2. The idea of “average” is absolutely crucial to interpreting expected value, but it’s not uncommon for students to omit this word from their interpretations.   The interpretation makes no sense if it says that Sofia will take 2.4 swings in the long run.
3. As is so often the case in statistics, context is key.  If a student interprets the expected value as “long-run average” with no other words provided, then the student has not demonstrated an ability to apply the concept to this situation.  In fact, a student could respond “long-run average” without bothering to read a single word about the context.

I also think it’s helpful to ask students, especially those who are studying to become teachers themselves, to critique hypothetical responses to interpreting the expected value, such as:

• A. The long-run average is 2.4 swings.
• B. The average number of swings that Sofia needs to break the piñata is 2.4 swings.
• C. If Sofia were to repeat this random process (of swinging until she breaks a piñata) for a very large number of piñatas, then she would need very close to 2.4 swings in the long run.

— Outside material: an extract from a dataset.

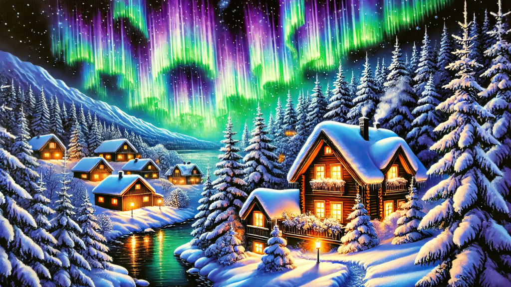 The snow-covered cottages and trees, combined with the reflection of the Aurora Borealis on the icy river, create a picturesque winter scene. The glowing windows of the cottages add warmth to the cold landscape.

I would assign partial credit to all three of these responses. Response A is certainly succinct, and it includes the all-important long-run average.  But the only mention of context in response A is the word “swings,” which I do not consider sufficient for describing the process of Sofia swinging at a piñata until it breaks.  Response B sounds pretty good, as it mentions average and describes the context well, but it is missing the idea of long-run.  Adding “if she were to repeat this process with a large number of piñatas” to response B would make it worthy of full credit.  Response C is so long and generally on-point that it might be hard to see what’s missing.  But response C makes no mention of the word or idea of average.  All that’s needed for response C to deserve full credit is to add “on average” at the end or insert “an average of” before “2.4 swings.”

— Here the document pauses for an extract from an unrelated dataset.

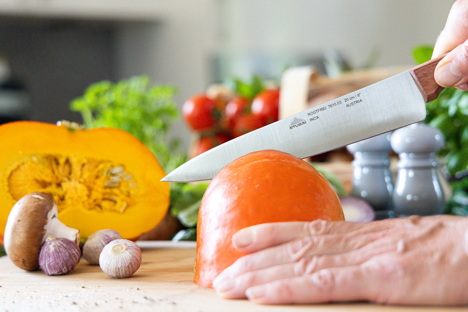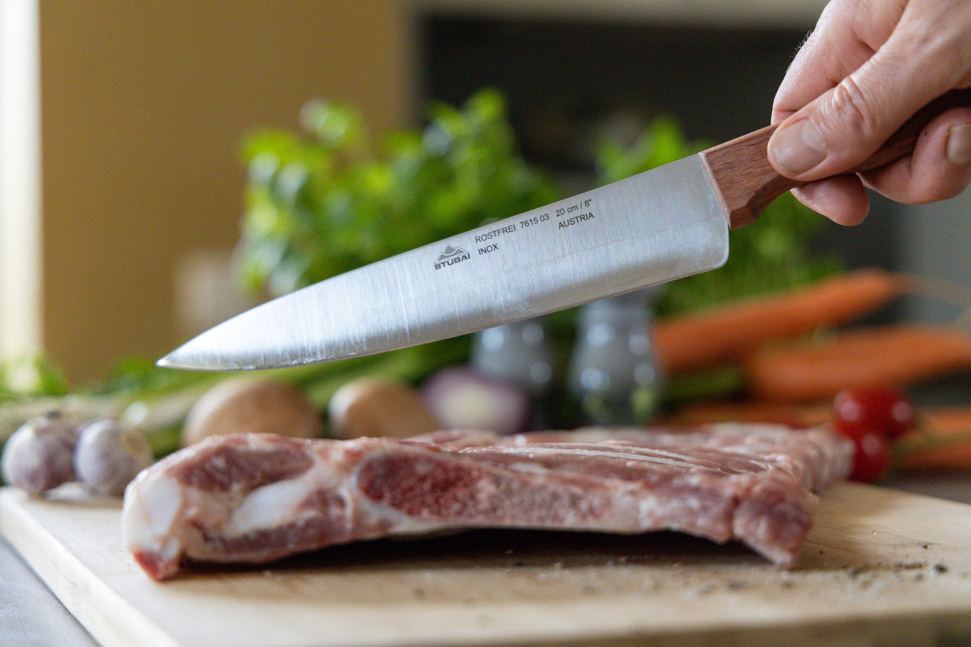 STUBAI Kochmesser mit Edelholzgriff,200 mm, scharfes Küchenmesser aus Edelstahl, rostfrei, spülmaschinenfest

Can we expect students to understand what expected value means?  Sure, but the unfortunate name makes this more of a challenge than it should be, as it practically begs students to confuse expected value with the value that we expect to occur.  As much as I would like to replace this nettlesome term with long-run average and its abbreviation LRA, I don’t expect* this alternative to catch on in the short term.  But I do hope that this change catches on before the long run arrives.

* Sorry, I can’t stop using this word!

P.S. I borrowed the scenario of Sofia swinging at a piñata from my colleague John Walker, who proposed this context in an exam question with more involved probability calculations.